_EXERCISE DETAILS_. Reproduce all of the data below without alteration; exclude every picture.

_DATASET EXCERPT_.
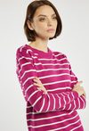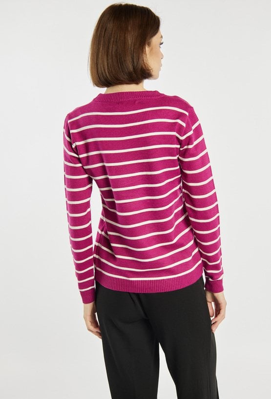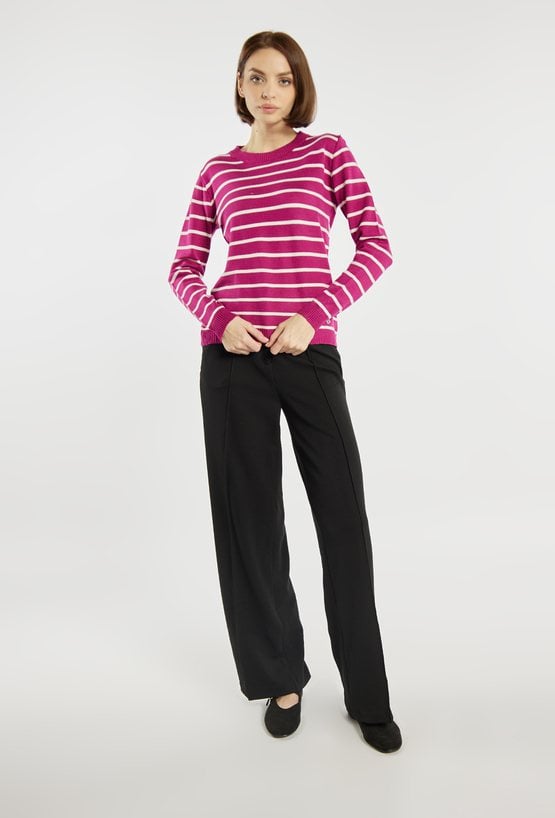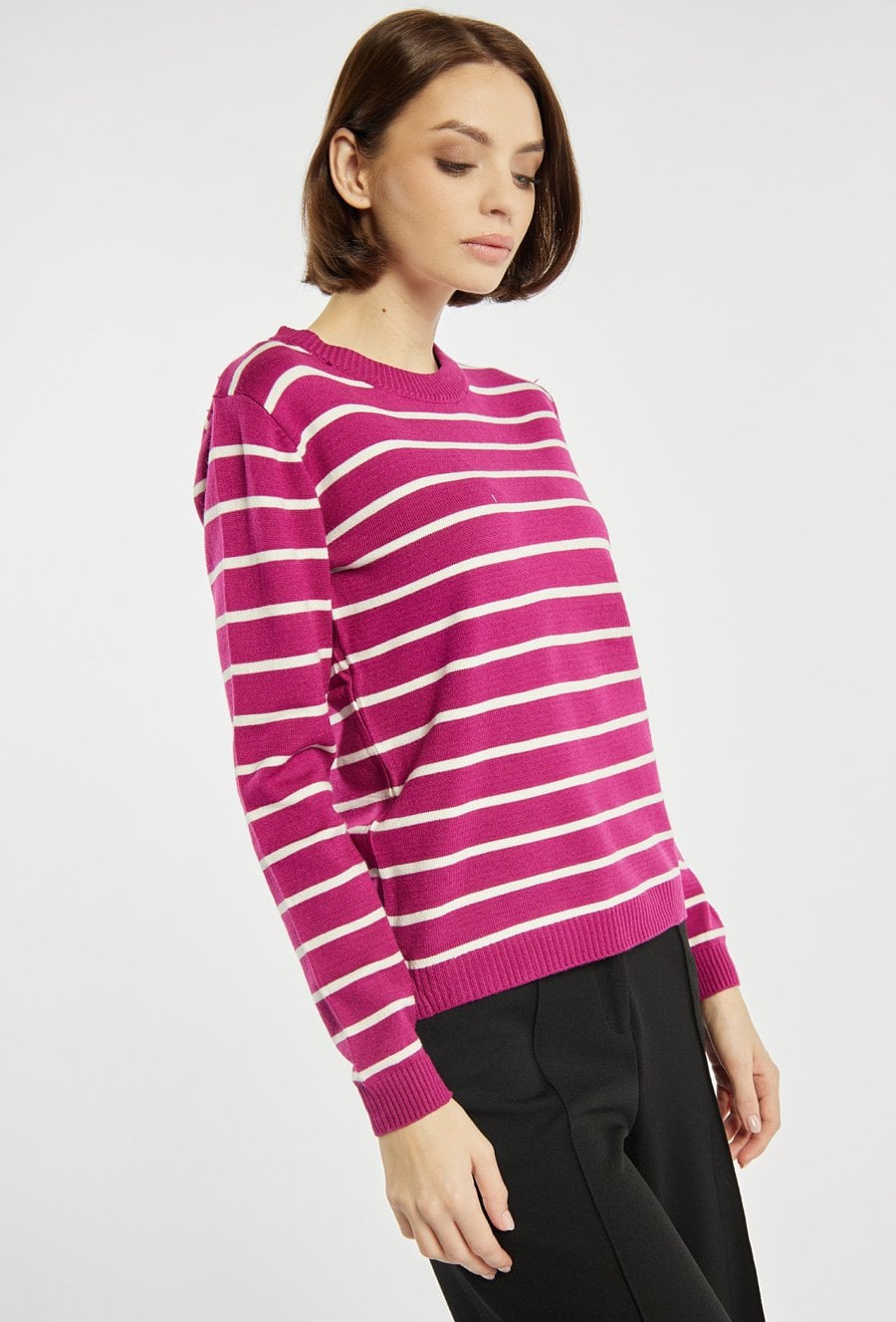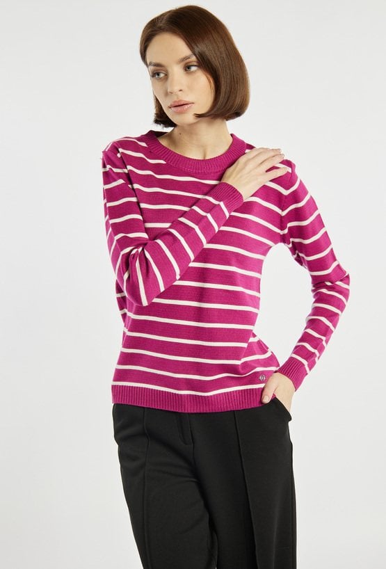 Sweter damski w paski o klasycznym kroju. Model z półgolfem i delikatnym wzorem w poziome pasy to ponadczasowa propozycja, która świetnie sprawdzi się zarówno w casualowych, jak i bardziej eleganckich stylizacjach. Modelka na zdjęciu ma 177 cm wzrostu i prezentuje rozmiar S/M.
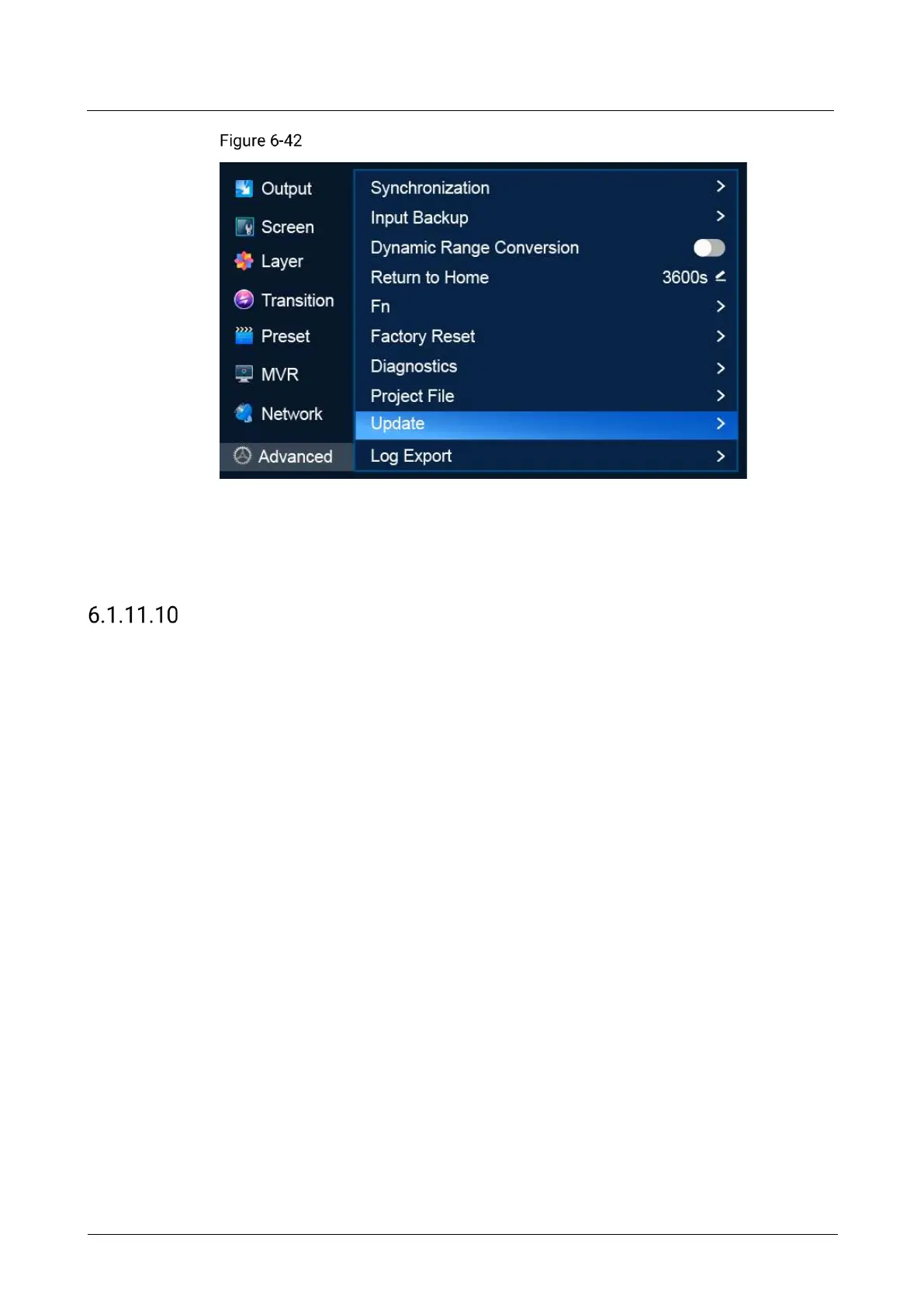 Select Update to open the update file screen. Select a file and select OK in the dialog
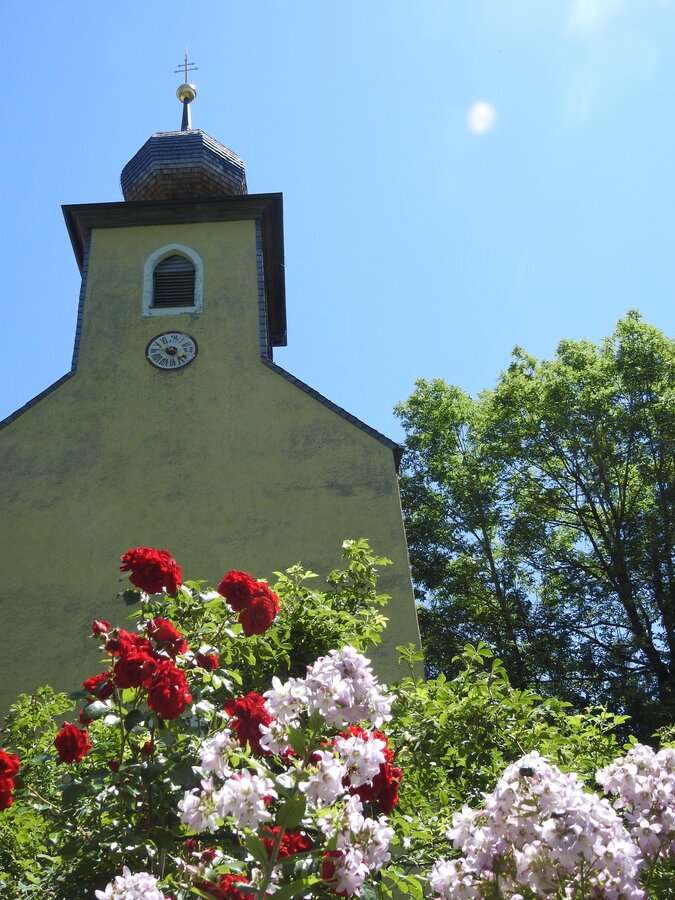 Die äußerlich schlichte, im Westen über dem Haupteingang von einem Turm mit Kuppeldach überragte Kirche bildet mit dem benachbarten Schloss ein Bauensemble. Um den gemeinsamen Innenhof verläuft eine 11 m hohe und 2,50 m dicke Ringmauer, die den einst wehrhaften Charakter noch heute erkennen lässt.

_EXERCISE OUTPUT_.
 Sweter damski w paski o klasycznym kroju. Model z półgolfem i delikatnym wzorem w poziome pasy to ponadczasowa propozycja, która świetnie sprawdzi się zarówno w casualowych, jak i bardziej eleganckich stylizacjach. Modelka na zdjęciu ma 177 cm wzrostu i prezentuje rozmiar S/M.
 Select Update to open the update file screen. Select a file and select OK in the dialog
 Die äußerlich schlichte, im Westen über dem Haupteingang von einem Turm mit Kuppeldach überragte Kirche bildet mit dem benachbarten Schloss ein Bauensemble. Um den gemeinsamen Innenhof verläuft eine 11 m hohe und 2,50 m dicke Ringmauer, die den einst wehrhaften Charakter noch heute erkennen lässt.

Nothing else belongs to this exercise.